The following properties seems to be correct. I would be thankful for confirming my understanding is correct.

  1. All vertices of polytope can be described as points $(x_1\ldots x_n)$ with $n-r$ coordinates equal to zero, other $r$ coordinates can be found solving $Ax=b$. So there are $ (\frac {n}{n-r} )$ vertices.

  2. From each vertex there are $n-r$ outgoing edges (1-dimensional facets). This means that such polytopes are generic, since in general there can be many edges outgoing from each edge.

The edges outgoing some vertex with $n-r$ coordinates equal to zero, can be described by changing any of these coordinates away from zero.


Motivation is coming from simplex-method in linear-programming, where from constraints $Ax \le b$ one passes to constrains $Ax + Id s = b$, adding additional variables $s_i \ge 0$. As far as I understand the geometric meaning of such transform is to get more tractable polytope.
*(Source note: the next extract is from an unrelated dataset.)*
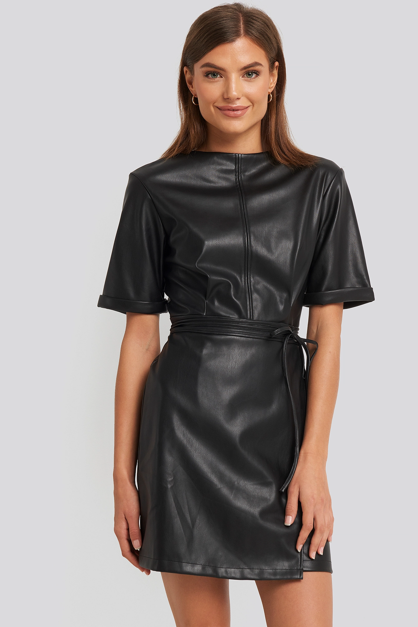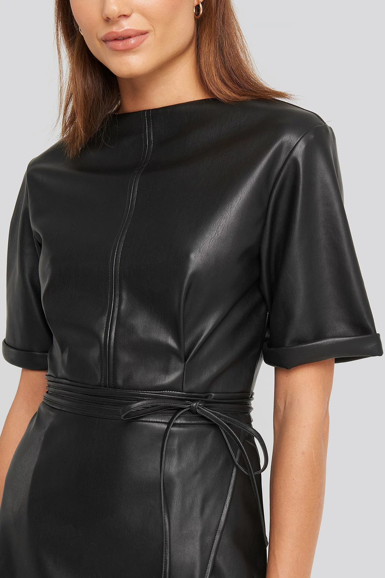 This mini dress features a layered design, a stretchy faux leather material with seam details, short sleeves, a rounded neckline, a zip closure at the back and a non removable waiststrap.
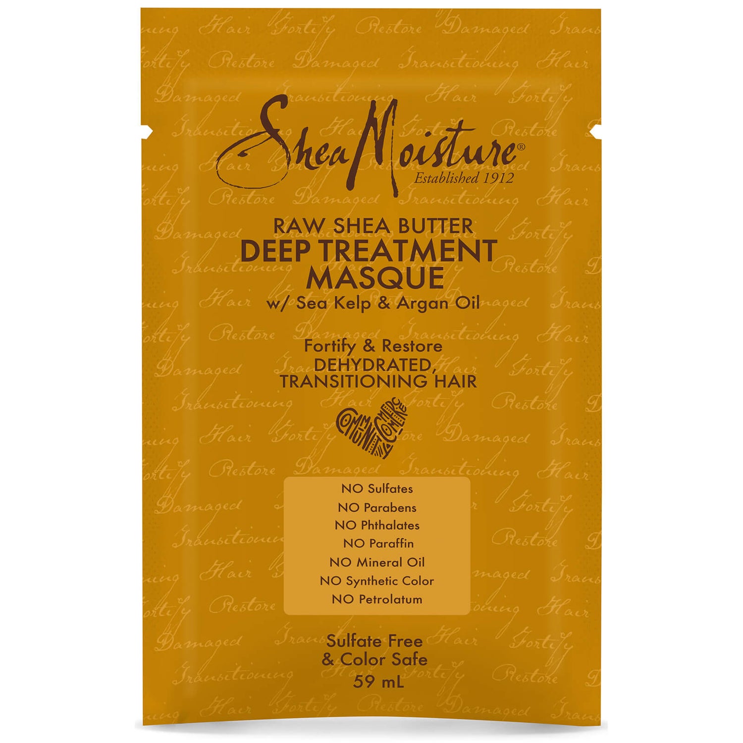Denna hårinpackning är berikad med en återuppbyggande blandning av sheasmör, arganolja och mineralrik havstång (kelp). Den verkar för att förbättra hårets elasticitet och återställa lyster, samtidigt som den slätar ut hårets fibrer och mjukgör hårbottnen. Förvänta dig ett mjukt, smidigt hår med massor av fukt och glans.

Since initial polytope $ Ax \le b, x_i\ge0$ does not have clear description of vertices, neither clear description of edges, which are both crucial for simplex method since the idea of algorithm is to pass from of vertex to another by the edge joining them.


Additional question – consider convex polytope $Ax \le b$ in $R^n$, are there explicit algebraic conditions for $A,b$ such that polytope would be generic i.e. it does not change under small pertrubation, (in particular number of edges outgoing each vertex would be equal $n$ ).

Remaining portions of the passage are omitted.